2. Look at strongly connected components instead of whole graph. This would cut back on the size of graph we are looking at. The flowsheets are rarely one strongly connected component.

3. When you add an edge to a tear set you could reduce the size of the problem in the branch by only looking at strongly connected components with that edge removed.

4. This returns all equally good optimal tear sets. That may not really be necessary. For very large flowsheets, there could be an extremely large number of optimal tear edge sets.

solve_tear_direct(G, order, function, tears, outEdges, iterLim, tol, tol_type, report_diffs)[source]

Use direct substitution to solve tears. If multiple tears are given they are solved simultaneously.

Parameters:

  • order – List of lists of order in which to calculate nodes

  • tears – List of tear edge indexes

  • iterLim – Limit on the number of iterations to run

  • tol – Tolerance at which iteration can be stopped

Returns:

List of lists of diff history, differences between input and output values at each iteration

Return type:

list

solve_tear_wegstein(G, order, function, tears, outEdges, iterLim, tol, tol_type, report_diffs, accel_min, accel_max)[source]

Use Wegstein to solve tears.

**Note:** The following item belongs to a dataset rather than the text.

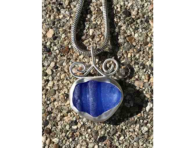 Blue ribbed beach glass, bezel set in sterling silver with a spiraled finding, on sterling snake chain. Pendant is 7/8” wide, 1 ¼” high from base to top of spiraled wire and 3/8” thick at its thickest spot. Winner may choose chain length: 18", 20", and 24" options available.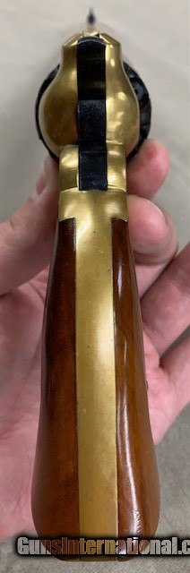 Description: Looks like this revolver, an early Navy Arms Import made by Pietta, spent most of its life in a dresser drawer. Revolver remains in just about perfect condition, brass a nice mustard color (never polished), etc, etc. Would be pretty hard to improve upon. No ffl required to purchase but buyer must be 21 and live in a non-communist leaning jurisdiction. Shipping/insurance adds $25.00 to the cost and we accept credit cards for purchase with no fee. SOLD Handgun Caliber: .44 |

If multiple tears are given they are solved simultaneously.

Parameters:

  • order – List of lists of order in which to calculate nodes

  • tears – List of tear edge indexes

  • iterLim – Limit on the number of iterations to run

  • tol – Tolerance at which iteration can be stopped

  • accel_min – Minimum value for Wegstein acceleration factor

  • accel_max – Maximum value for Wegstein acceleration factor

  • tol_type – Type of tolerance value, either “abs” (absolute) or “rel” (relative to current value)

Returns:

List of lists of diff history, differences between input and output values at each iteration

Return type:

list

sub_graph_edges(G, nodes)[source]

This function returns a list of edge indexes that are included in a subgraph given by a list of nodes.

Returns:

  • edges – List of edge indexes in the subgraph

  • inEdges – List of edge indexes starting outside the subgraph and ending inside

  • outEdges – List of edge indexes starting inside the subgraph and ending outside

tear_upper_bound(G)[source]

This function quickly finds a sub-optimal set of tear edges. This serves as an initial upperbound when looking for an optimal tear set. Having an initial upper bound improves efficiency.

This works by constructing a search tree and just makes a tear set out of all the back edges.

tree_order(adj, adjR, roots=None)[source]

This function determines the ordering of nodes in a directed tree. This is a generic function that can operate on any given tree represented by the adjaceny and reverse adjacency lists. If the adjacency list does not represent a tree the results are not valid.

In the returned order, it is sometimes possible for more than one node to be calculated at once. So a list of lists is returned by this function. These represent a bredth first search order of the tree. Following the order, all nodes that lead to a particular node will be visited before it.

Parameters:

  • adj – An adjeceny list for a directed tree. This uses generic integer node indexes, not node names from the graph itself. This allows this to be used on sub-graphs and graps of components more easily.

  • adjR – The reverse adjacency list coresponing to adj

  • roots – List of node indexes to start from. These do not need to be the root nodes of the tree, in some cases like when a node changes the changes may only affect nodes reachable in the tree from the changed node, in the case that roots are supplied not all the nodes in the tree may appear in the ordering. If no roots are supplied, the roots of the tree are used.